Configure the CSV parser
Now that we’ve got our CSV file, we need to extract the data from it and make it actionable. To do this, we need to be able to describe how the data is structured. There are three important things we need to know about our CSV data:
- What character separates each column?
This is usually a comma, but can sometimes be another character, such as tab, semicolon (
;) or pipe (
- How can we know what type of data is in each column?
There are two ways CSV data can be structured:
- By column order – this method relies on you knowing that column 2 contains the email address, column 3 contains the name, etc. This method relies on the column order of each file you process being the same.
- By column name – this method relies on the CSV file having a header row which contains the names of each column. This method relies on having consistent column names in each file you process.
- What quote character is used?
Sometimes a value in a CSV file will contain a comma, which is also used to separate columns. To keep the file valid, the value is enclosed in single or double quotes (
Let’s have a look at the raw CSV file used as a sample.
We can see that:
- Columns are separated by a comma
- We have a header row specifying the column names
- Double quotes are used to enclose values that contain commas
Use this information to configure the Parse CSV action:
Test parser configuration in your recipe
To test our parser configuration, switch back to the Test tab. No need to upload a new file, we can just repeat the previous test to use the file we’ve already captured.
You should see a successful test. Check the output of the Parse CSV step. There should be a list of lines, with 1000 entries. Each entry has properties that match the header line of the CSV:
Step 4: Use the data in your recipe
We’ve turned our raw CSV file into a list of 1000 individual records, each representing a single lead. Now, we can use that data as we would any other list. A couple of examples of what we might do from here:
Upload leads in bulk to a CRM (Salesforce)

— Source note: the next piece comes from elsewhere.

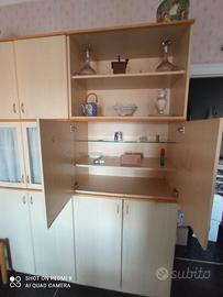 Mobili disponibili: tavolo rotondo diametro 115 (estendibile a 150) H78/buffet top L270xP45xH2 con 2 basi (due sportelli daL90xH100xP45 e 1 cassettiera 6 cassetti H15xL90xP45)/credenza con vetrina e ripiani 2 colonne L90xH230xP44/6 sedie. Disponibili altre foto su richiesta.

If we’re confident in the quality of the data in the CSV file, we can upload the data directly to our CRM — in this case Salesforce — using a batch action.
Cleanse, validate and transform data using Repeat action
However, we may not be completely confident in the quality of the source data in our CSV file. In this case, we can use a Repeat action to cleanse and validate the data line by line.
Learn more: other ways to access CSV data
We’ve looked at how to use the CSV Parser app to extract data from a CSV, since this will work no matter where your CSV file comes from.
Some apps also have convenience methods to make it easier to work with CSV data. For example, the Dropbox connector has specialized triggers for capturing new/updated CSV files or even new lines in an existing file.
Remember that to use specialized triggers like these, you still need to provide information about the CSV file, like header row, column separator, etc. So as in the example above, make sure you check an example of the raw CSV file so that you can correctly set up the trigger.